Chris Gray, founder of Scholly, sues Sallie Mae over wrongful termination and data privacy concerns, highlighting critical issues in tech ethics and user protection.

Scholly Founder Chris Gray Takes Legal Action Against Sallie Mae

Chris Gray, the visionary behind the scholarship search platform Scholly, has initiated legal proceedings against Sallie Mae, the company that acquired Scholly in 2023. Gray's lawsuit alleges wrongful termination and contends that Sallie Mae has been improperly selling user data collected by Scholly, including sensitive information about minors, without adequate user consent.

Gray co-founded Scholly a decade ago with the mission of simplifying the scholarship search process for students. His appearance on the popular show Shark Tank secured investment from renowned entrepreneurs Daymond John and Lori Greiner, propelling the startup to success.

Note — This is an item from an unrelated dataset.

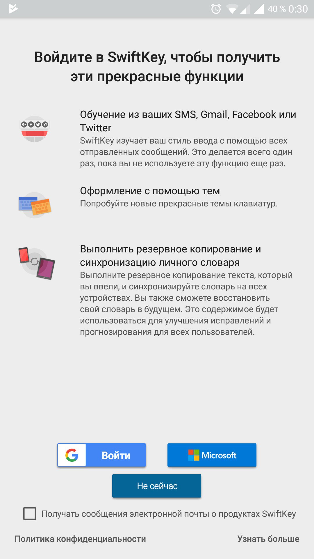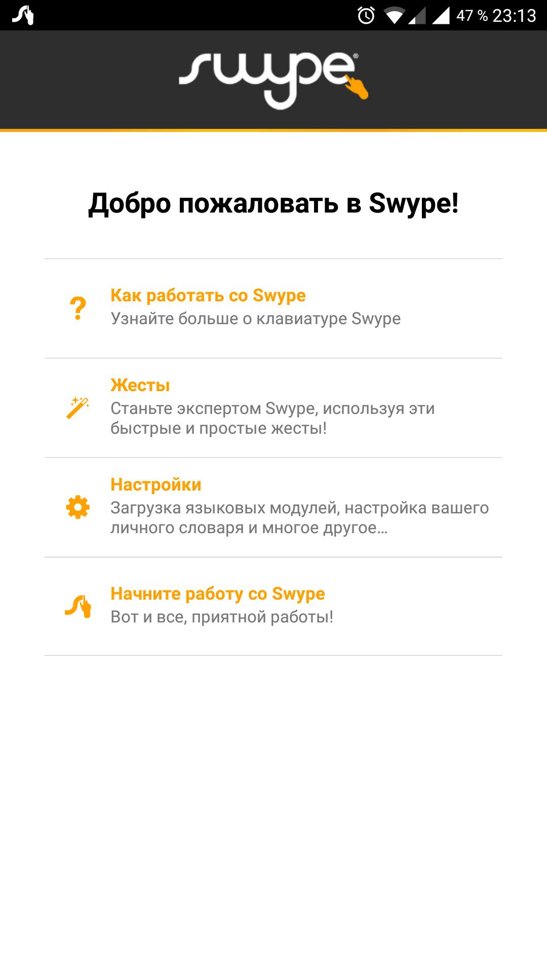 Следующий разработчик предлагает своему пользователю заострить внимание на том, что свайпами можно не только набирать текст, но и ставить пробел, уменьшать или увеличивать саму клавиатуру, удалять слова и т.д. А сами слова все-таки набирать как раньше – по букве.
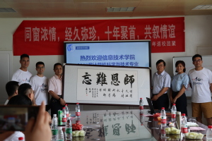 6月23日下午1时30分,在信息技术学院会议室举办2009届计算机科学与技术专业毕业10周年返校团聚活动。胡孔法院长、蔡爱华书记、翟双灿老师、沈静老师与同学们共聚一堂,话荏苒时光,追青春岁月,忆师生情长。

Following the acquisition, Gray assumed a vice president role at Sallie Mae, where he anticipated contributing to the growth of Scholly while ensuring it remained free for users. However, he claims that after the acquisition, Sallie Mae laid off key employees, including his co-founders, and reneged on promises regarding data privacy.

In his lawsuit filed in Delaware Superior Court, Gray outlines his concerns about Sallie Mae's practices, including the alleged establishment of a subsidiary to circumvent regulations against selling user data. He asserts that this subsidiary has been marketing user information--such as age, gender, and financial need--to third parties, including universities and advertisers, without full transparency to the students involved.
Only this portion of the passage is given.